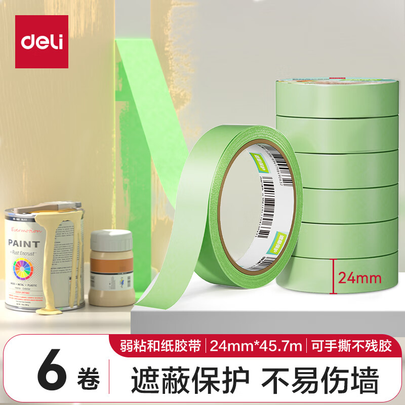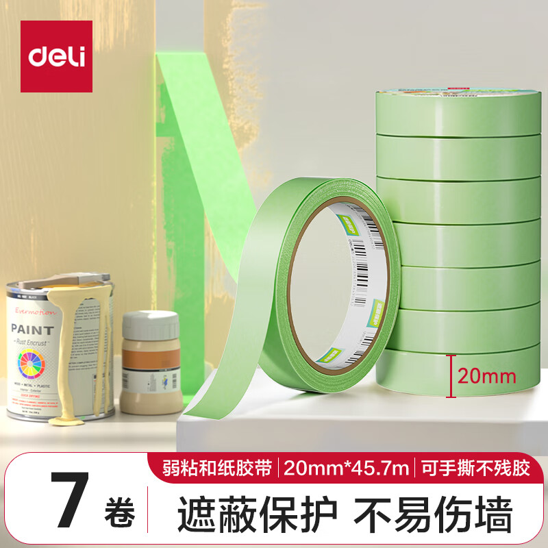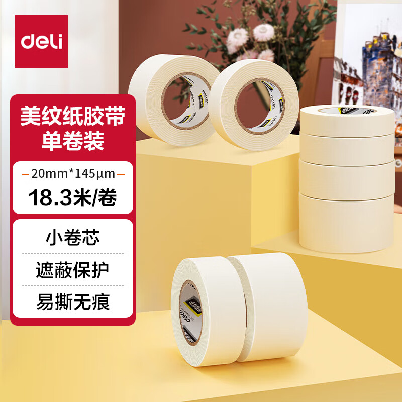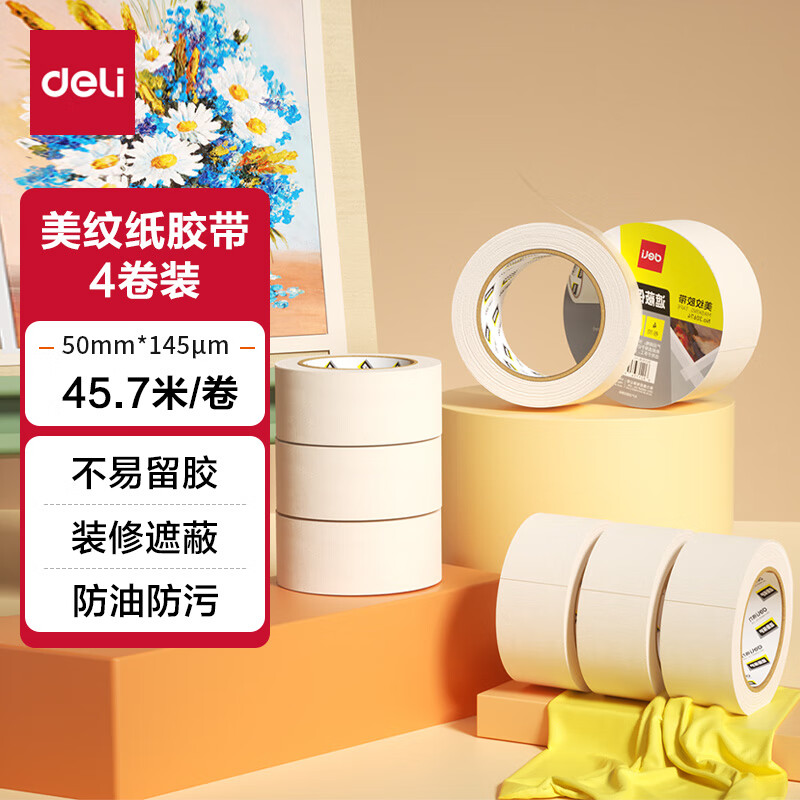 【全网低价】得力(deli)美纹纸胶带 50mm*50y*145μm 美术美工分色 装修遮蔽美缝贴膜刷漆保护 4卷 30674
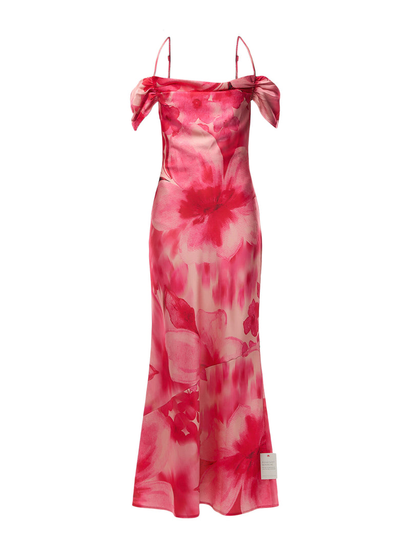 Premium satin. Asymmetrical cowl neckline. Adjustable straps. Zip and hook detail concealed at the side. Bias cut & Body skimming.
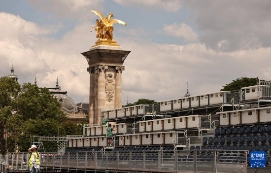 這是6月4日在位于法國巴黎市中心的亞歷山大三世橋拍攝的臨時比賽場地搭建現(xiàn)場。這里將是巴黎奧運(yùn)會多個比賽項(xiàng)目的終點(diǎn),包括公路自行車個人計(jì)時賽、游泳馬拉松、鐵人三項(xiàng)比賽。新華社記者 高靜 攝

━━━━━━━━━━━━━━━━━━━━━━━━━━━━━━

REQUIRED WORK:
Retype the full listing above precisely. Exclude each picture you find in it.

WRITTEN ANSWER:
 【全网低价】得力(deli)美纹纸胶带 50mm*50y*145μm 美术美工分色 装修遮蔽美缝贴膜刷漆保护 4卷 30674
 Premium satin. Asymmetrical cowl neckline. Adjustable straps. Zip and hook detail concealed at the side. Bias cut & Body skimming.
 這是6月4日在位于法國巴黎市中心的亞歷山大三世橋拍攝的臨時比賽場地搭建現(xiàn)場。這里將是巴黎奧運(yùn)會多個比賽項(xiàng)目的終點(diǎn),包括公路自行車個人計(jì)時賽、游泳馬拉松、鐵人三項(xiàng)比賽。新華社記者 高靜 攝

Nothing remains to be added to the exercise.